While I am stuffing there is a child waiting for their bear, and in their hands is a little sateen heart. The little heart is red. In a real bear the heart sits low, underneath the lungs. In a real bear, the heart is an imprecise target. In a real bear, my father is loading a shotgun and bracing it against his shoulder. In a real bear, he can’t shoot his way out.
The children hold the heart in their hands and I ask them to whisper love and kindness into the heart. Edith once let me put my tongue in her ear and I did the same thing. She tasted salty, and a little stale. Edith’s heart is an imprecise target. The children hold the hearts close to their mouths and whisper and the hearts come away damp and the children are little gods of death holding their hearts in the scales of their judgment and their daddy’s can’t shoot their way out of this one.
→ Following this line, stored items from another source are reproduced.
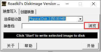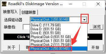 16、在电脑上运行Roadkil’s DiskImg,在“选择驱动器”的下拉菜单,选择50MB这个;
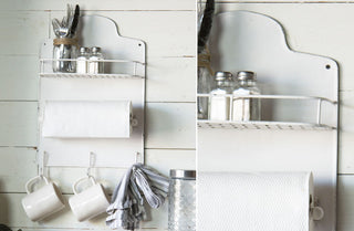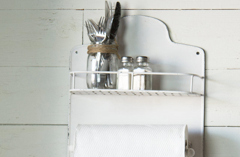 First things first... The FUNCTION of this piece truly makes this one a KEEPER! This features a beautiful shelf like top with an enclosure so that you can safely display all of your favorite spices mason jars or flower vases! Fill them with firefly lights and freshly picked flowers to really draw the eye up and create a beautiful pop of color! The middle of this rack ALSO has a perfectly placed rod to hold your paper towel rolls or dish towels! How handy!
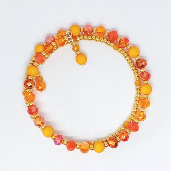 Zo vrolijk, deze armbandjes. Twee wikkelingen om de pols op memory wire*! Lekker gemakkelijk, geen slotje en het past altijd. Met bijpassend zelfgemaakt bedeltje. Ook leuk te combineren met allerlei andere vrolijke kleurtjes.
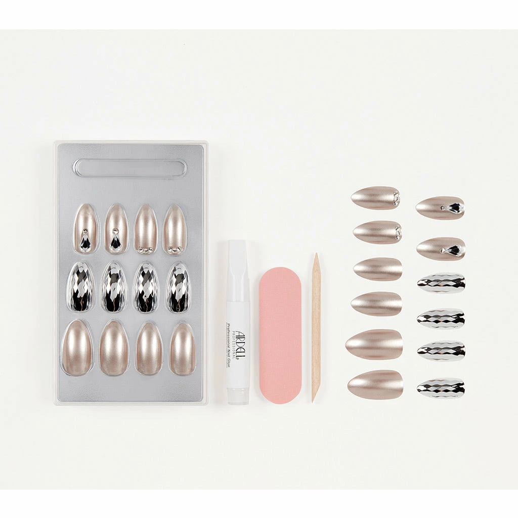 Add some glamour to your look with Ardell Nails Nail Addict Premium False Nails in Champagne Ice. The combination of frosted matte, shiny chrome, and crystal designs makes these glittery, shiny nails perfect for a night out on the town – or whenever you want to add some dazzle and sparkle to your outfit. The almond shape and long length will have you looking like a rock star the next time you hit the town.
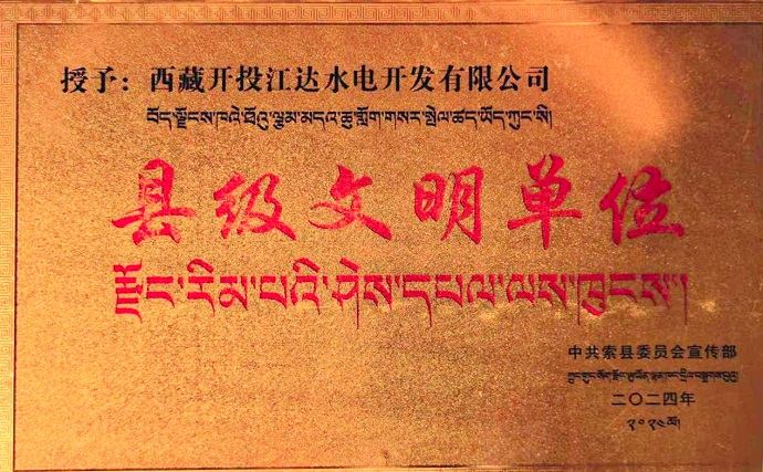 西藏開投江達(dá)水電開發(fā)有限公司獲評(píng)縣級(jí)文明單位
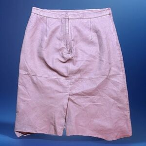 The skirt comes in a stunning pink hue that adds a pop of color to any ensemble. It's crafted from high-quality leather and features a smooth, lined interior for added comfort. Whether paired with a silk blouse or a casual tee, this skirt is sure to make a statement.
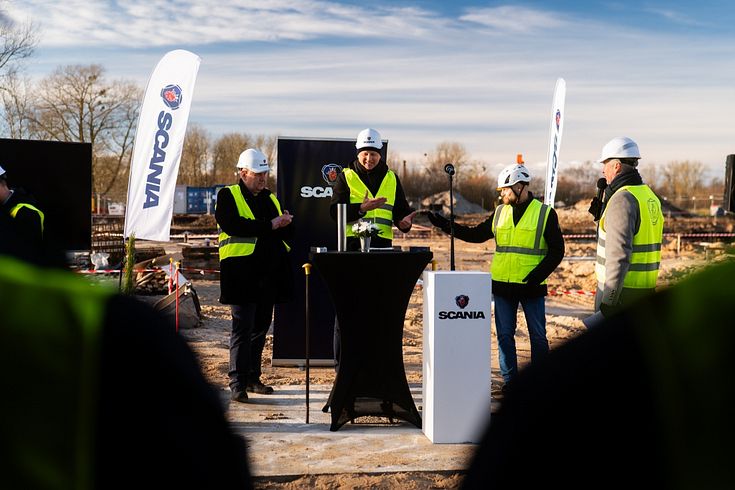 Liepājā, svinīgi iemūrējot laika kapsulu, Scania Latvia iezīmēja jaunā kravas automašīnu servisa un pārdošanas centra būvniecības pirmo posmu.

When the bears are sufficiently stuffed I take a thread and a needle and pull the wounds of their birth shut. Daddy Bear watches me from all the corners, shiny brown eyes mounted in each end of the store. I am thinking of Edith while I sew. It is obscene that she has shiny brown eyes too. They are always watering and a little crusty in the corners. When I think about licking them clean I taste the sea. Edith has never been to the sea but sometimes we meet up by the fountain in The Lobby. The Lobby is a big room with nothing in it but a fountain and an elegy for Daddy Pretzel. The air is a little bit salty and a little bit stale, just like a memory I can’t shoot my way out of. Daddy Pretzel watches us not hold hands and swallow our liver pills. I never got to stuff a cow, though I consume enough to become one. Daddy Bear is finicky about non ursine animals. He keeps the dogs and cats in low bins away from the children's eyes. Some of their skins are older than mine, which is getting harder to be, somewhere between nineteen and dead.
Edith relents about her birthday bear. I get an All Beef corn dog every day the week she turns twenty. My skin turns pink and elastic, cool to the touch. Do you think I’m becoming all beef? I ask Edith and she nods, slipping a liver pill into my cheek. It is obscene how metallic her fingers taste. Her skin is porous and underneath it I can see all her pulp. She only ever tastes like herself. When Edith comes she is still wearing her hat, the top of it scraping the doorway as she enters the store. Daddy Bear notices her immediately. Behind his door I can hear him licking his chops, strings of saliva caught in his terrible teeth. She picks a birthday bear the same sallow pink as a tongue and I place a red heart in her hands, wet and warm to the touch. Edith stands right by the stuffer and taps her toes until I sit at my station, and begin to pedal. Our toes match the others tapping—it’s obscene how much I want to lie down under her foot.
Do you love it? I ask. Edith nods as the bear turns towards me. It has an appetite for all beef. It is obscene how eager I am to be eaten, to taste like myself.